Мне она виделась солдатом, пришедшим, чтобы раздеться и лежать подо мной с раздвинутыми ногами. Она лежала голая, но вся собранная и отрешенная, как солдат, и от этого я чувствовал себя солдатом тоже. И мы с ней были там, где по-настоящему опасно, это совершенная правда, потому что там, где любовь, там, где история, — там по-настоящему опасно. И когда я входил в ее худое тело, это и впрямь напоминало удар — нет, не Овидиевские любовные битвы я имею в виду, не Боккаччевские сражения под пологом, но нечто вовсе не поэтическое: удар, проникающий в плоть, ранящий человека. И она лежала подо мной, широко раздвинув ноги и так же широко раскрыв глаза, и в них не было никакой поэзии — только терпение и юля, как у солдата.

Мы лежали под красным одеялом, и она сказала: хочешь, пойду прочь? Да, она уже и тогда думала про это, она знала заранее. Больше того: она не появилась еще у меня, а все было уже решено. Она представила так, словно может уйти или остаться по моей воле — и моей гордости и самомнения как раз хватило на то, чтобы поверить. По моей воле, как же! Будто бы любовь или историю подчиняют волей. Волю они лишь пробуждают в участниках событий, но попробуй эти события подчинить. Любовникам и полководцам только кажется, будто они лепят события волей, им лишь мнится, будто их истовость — залог движения. Чепуха. Не истовостью делается история, но беззаветностью. Тогда у меня ни на языке, ни в мыслях не было подобных определений. Я смотрел на нее, на тот сгусток темноты, который был ею в этой темной комнате, выходящей окном на пустырь. Все, что говорил я тогда и потом, — несущественно; по испорченности, я вкладывал много смысла, но вложил лишь растерянность. Имел в виду я, как выяснилось позже, простое: раз попав в историю, из нее можно уйти, только оставив в ней жизнь.

Проснувшись, я, как это часто бывает со мной из-за переездов и гостиниц, не мог сразу понять, где нахожусь. Утро было серое, я лежал и смотрел на серый прямоугольник окна, и мне казалось, что такого окна я еще не видел, хотя это было мое окно. Я не помнил, в чьем я доме, в каком городе, в какой стране. В комнате еще было темно, и я не узнавал комнаты. Так я лежал, привыкая к незнакомому месту, потом встал и отдернул штору. На дворе было то время года, какое в России теперь бывает всегда, когда не лето, — слякоть и грязь. Видно было тополя с вороньими гнездами, помойку, в которой рылись две тетки, сломанную карусель, транспарант «Хочешь жить как в Европе? Голосуй за правых!» Помойки, тополя и тетки имеются во всех странах, но вот такой лозунг возможен лишь в России. Какой идиотский лозунг, думал я. Что он значит? Какая к черту Европа? Почему — если за правых, то как в Европе? А если за левых, что, — Азия получится? Климат что ли правые поменяют? Рассадят платаны вдоль Охотного ряда? Устриц в Москве-реке разведут? Я смотрел на транспарант и представлял себе лидера правых сил, — вертлявого коротышку с ранней плешью и сластолюбивым, слюнявым ртом. Выход у нас только один, говорил политик, двигаться на Запад, стать цивилизованной страной. Альтернатива этому — лагеря и Сибирь. Надо идти к прогрессу любой ценой. Не поймут сейчас, потом сами скажут спасибо. Я смотрел на транспарант и думал, что люди в России находятся в такой же безысходной истории, как любящие, и так же обречены. Их обманет и слюнявый коротышка тоже, и кто угодно другой. Они пропали. То, что мне выпало тебя любить именно здесь, в этой обреченной плоской местности, на этом трижды проклятом пустыре, придумано специально. Так нарочно было устроено, чтобы я понял, что такое любовь.

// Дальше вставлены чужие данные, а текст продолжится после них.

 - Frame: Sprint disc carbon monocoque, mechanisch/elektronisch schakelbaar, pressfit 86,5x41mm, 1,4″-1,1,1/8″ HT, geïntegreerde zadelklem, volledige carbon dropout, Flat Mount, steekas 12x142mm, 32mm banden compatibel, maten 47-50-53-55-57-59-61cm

Повторюсь: многие полагают историю чередой событий, то есть объектов, то есть, иными словами — набором тел (например, любовная история наглядно демонстрирует тела), — между тем история бестелесна, она забирает наше тело, чтобы растворить в себе. История — это такая едкая среда, уничтожающая природу. Хотя однажды ты сказала мне, что любовь — это золотой покров, и это тоже правда, так и есть, тут нет противоречия. Любовь, она как «Иоанн Креститель» кисти Леонардо. Весь мерцающий, словно под золотым покровом, подняв палец, он, искуситель, заманивает человека в историю — и эта история не обещает быть хорошей, но тем не менее является единственной.

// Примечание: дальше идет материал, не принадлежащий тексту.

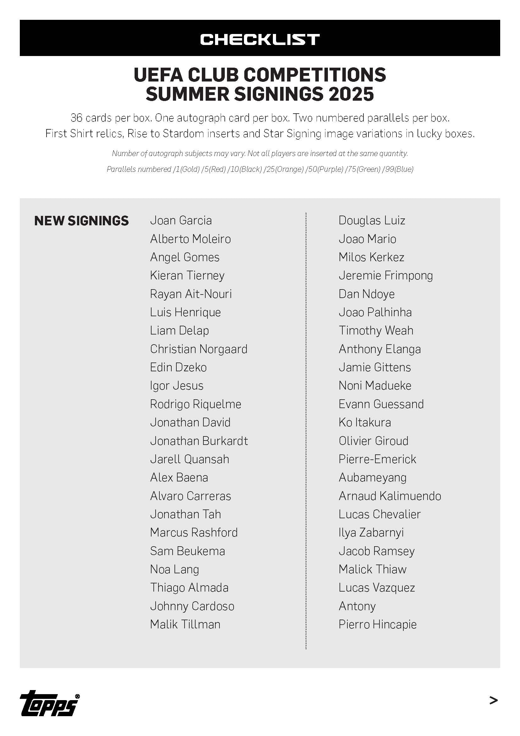 With 36 cards per box including an autograph and two numbered parallels, UCC Summer Signings is the perfect way to kick off the 2025/26 season.

Поверь мне, в том, что я пишу сейчас, нет оттенка осуждения. Не хорошей является история, да, совсем не хорошей, но единственной! Не привлекательной является любовь, но бесконечно сияющей! У истории, как и у любви, есть одно исключительное свойство — она всегда чиста. И это при том, что обеих всегда стараются замарать. Это, пожалуй, самое важное свойство как истории, так и любви. И как раз в чистоту любви, как и в чистоту истории люди, особенно просвещенные, склонны не верить.

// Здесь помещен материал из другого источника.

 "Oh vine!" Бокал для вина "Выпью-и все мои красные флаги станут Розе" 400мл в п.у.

Мы исходим из того, что искренность непременно связана с чем-то дурным, что глубоко запрятанными бывают лишь постыдные чувства. Выставить их напоказ и значит явить смелость и искренность. Легче поверить в искренность Генри Миллера, чем в искренность Толстого: воображение отказывается признать наличие неханжеского целомудрия. И люди, знающие жизнь, правы в своих сомнениях — они исходят из опыта. Этот житейский, исторический если угодно, опыт — он сильнее самой истории, — по той же причине, по какой бакалавр Самсон Карраско сильнее Дон Кихота, по той же причине, по которой любовный опыт сильнее любви. Есть много причин, по которым я стыжусь называться художником сегодня, одна из них в том, что современное искусство — это торжество мещанской морали и упадок рыцарской.

Но если бы я стыдился только этого. Всю жизнь я хотел быть свободным и прогрессивным, всю жизнь повторял слово «вперед» — и теперь я стыжусь своей жизни: если идти все время вперед, то как защитить тех, кто нуждается в защите и остается сзади.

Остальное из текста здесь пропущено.